As we previously did a requests.get() will get us the csv file aswell 

In [75]:
import requests as s
import pandas as pd 
from io import StringIO

response = s.get(url).text

In [76]:
response 

'Type de document;Prêts 2022;Titre;Auteur;Nombre de localisations;Nombre de prêt total;Nombre d\'exemplaires\r\nBande dessinée jeunesse;1064;Razzia;Sobral,  Patrick;47;2938;67\r\nBande dessinée jeunesse;1024;Touche pas à mon veau;Guibert,  Emmanuel;45;2296;71\r\nBande dessinée jeunesse;1016;Max et Lili vont chez papy et mamie;Saint-Mars,  Dominique de;50;5554;103\r\nBande dessinée jeunesse;938;Lili veut un petit chat;Saint-Mars,  Dominique de;51;5789;80\r\nBande dessinée jeunesse;921;Max et Lili font du camping;Saint-Mars,  Dominique de;52;5658;83\r\nBande dessinée jeunesse;901;Lili trouve sa maîtresse méchante;Saint-Mars,  Dominique de;40;4694;72\r\nBande dessinée jeunesse;869;J\'irai où tu iras;Lyfoung,  Patricia;51;4707;76\r\nBande dessinée jeunesse;861;Les nerfs à vif;Nob;48;2837;62\r\nBande dessinée jeunesse;839;Je crois que je t\'aime;Lyfoung,  Patricia;52;3878;70\r\nBande dessinée jeunesse;799;Attention tornade;Cazenove,  Christophe;42;2366;56\r\nBande dessinée jeunesse;779;Max 

We have a csv file in the form of a string, which means we have tabular data where each row of the table is separated by "\r\n" and elements in a row are separated but a semicolon in the case. 
let's print a few lines (a few hundred characters in the whole string)

In [77]:
print(response[:349])

Type de document;Prêts 2022;Titre;Auteur;Nombre de localisations;Nombre de prêt total;Nombre d'exemplaires
Bande dessinée jeunesse;1064;Razzia;Sobral,  Patrick;47;2938;67
Bande dessinée jeunesse;1024;Touche pas à mon veau;Guibert,  Emmanuel;45;2296;71
Bande dessinée jeunesse;1016;Max et Lili vont chez papy et mamie;Saint-Mars,  Dominique de;50;


We already have the CSV content stored as a text object in memory.
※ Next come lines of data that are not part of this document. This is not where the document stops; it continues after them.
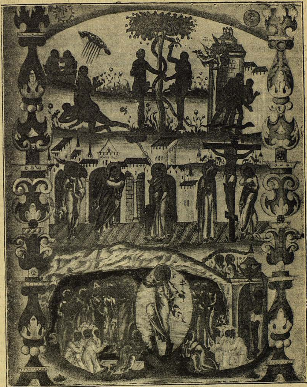
Мѣсяць мартъ по церковнымъ преданіямъ (изъ Сійскаго Евангелія).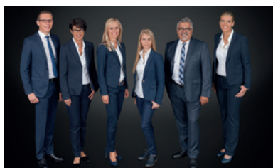
Die Endo-Fachberater von Komet.

Der neue Anspruch der Marke Komet im Endo-Segment wird auf den id infotagen dental München kaum zu übersehen sein. Dafür sorgt ein frischer Messeauftritt, der dazu animiert, sich auf ein interessantes Fachgespräch am Komet Endo-Stand einzufinden. Das Gesamtkonzept hinter Komets neuer Endo-Power heißt Endoneering. Der Begriff steht für den Anspruch, alles zu bieten, was dem Zahnarzt einen effizienten und unkomplizierten Endo-Alltag auf höchstem Niveau ermöglicht. Also für Präzision, Einfachheit, Qualität und den unübertroffenen Komet-Service mit eigenen Endo-Fachberatern.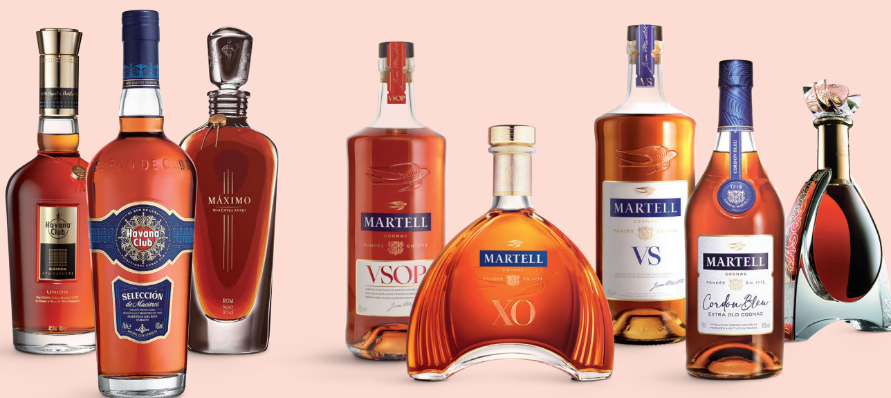
Havana Club Unión 1050332 – 2971,80 kr (sid 79) Havana Club Selección de Maestros 1050043 – 377,70 kr (sid 79)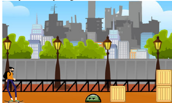
Gambar 3 Halaman Game Play

Halaman gameplay adalah tampilan halaman ketika pemain sedang memainkan aplikasi game . Berikut tampilan dapat dilihat pada gambar 3.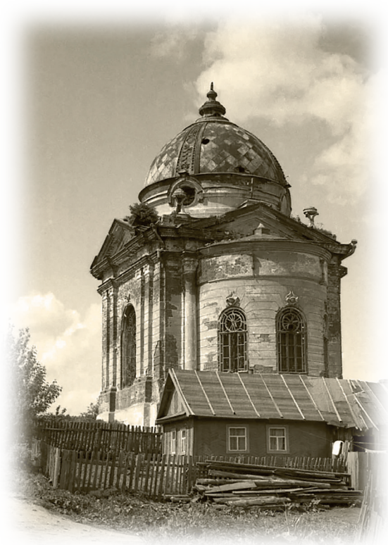
Усыпальница Ефремовых, ныне храм святого праведного Иоанна Кронштадтского

To efficiently process this data, we'll use the StringIO module from the io library, which allows us to treat the text object as if it were an actual file. Once we do this, we can easily load the data into a pandas DataFrame, which is a powerful tool for working with tabular data. This approach uses pandas, a library I'm most comfortable with for handling and analyzing such data.

In [78]:
with StringIO(response) as csvfile:
    books = pd.read_csv(csvfile, sep=';')
books

Unnamed: 0,Type de document,Prêts 2022,Titre,Auteur,Nombre de localisations,Nombre de prêt total,Nombre d'exemplaires
0,Bande dessinée jeunesse,1064,Razzia,"Sobral, Patrick",47,2938,67
1,Bande dessinée jeunesse,1024,Touche pas à mon veau,"Guibert, Emmanuel",45,2296,71
2,Bande dessinée jeunesse,1016,Max et Lili vont chez papy et mamie,"Saint-Mars, Dominique de",50,5554,103
3,Bande dessinée jeunesse,938,Lili veut un petit chat,"Saint-Mars, Dominique de",51,5789,80
4,Bande dessinée jeunesse,921,Max et Lili font du camping,"Saint-Mars, Dominique de",52,5658,83
...,...,...,...,...,...,...,...
837,Bande dessinée jeunesse,572,Aventure au pays des samouraïs,"Oda, Eiichir?",48,1511,54
838,Bande dessinée jeunesse,566,Yakari et la tueuse des mers,Job,43,3677,47
839,Bande dessinée jeunesse,555,Naruto. 59,"Kishimoto, Masashi",44,2735,53
840,Bande dessinée jeunesse,554,La famille avant tout,"Morel, Marylise",39,2285,44


One of the great features of pandas DataFrames is how easy it is to identify and count missing data. We can achieve this by generating a boolean array using the .isnull() (or .isna()) function, which marks missing values (NaN) as True and present values as False. By applying the .sum() function to this boolean array along the columns (using axis=0), pandas will return the total count of missing values for each column. This gives us a quick and efficient way to see which columns contain missing data and how many values are missing in each.

In [79]:
print(books.isnull().sum())

Type de document            0
Prêts 2022                  0
Titre                       0
Auteur                     15
Nombre de localisations     0
Nombre de prêt total        0
Nombre d'exemplaires        0
dtype: int64


In [80]:
print(f'The percentage of missing values within the "Auteur" column is: {(books.isnull().sum().sum() / len(books)) * 100:.2f}%')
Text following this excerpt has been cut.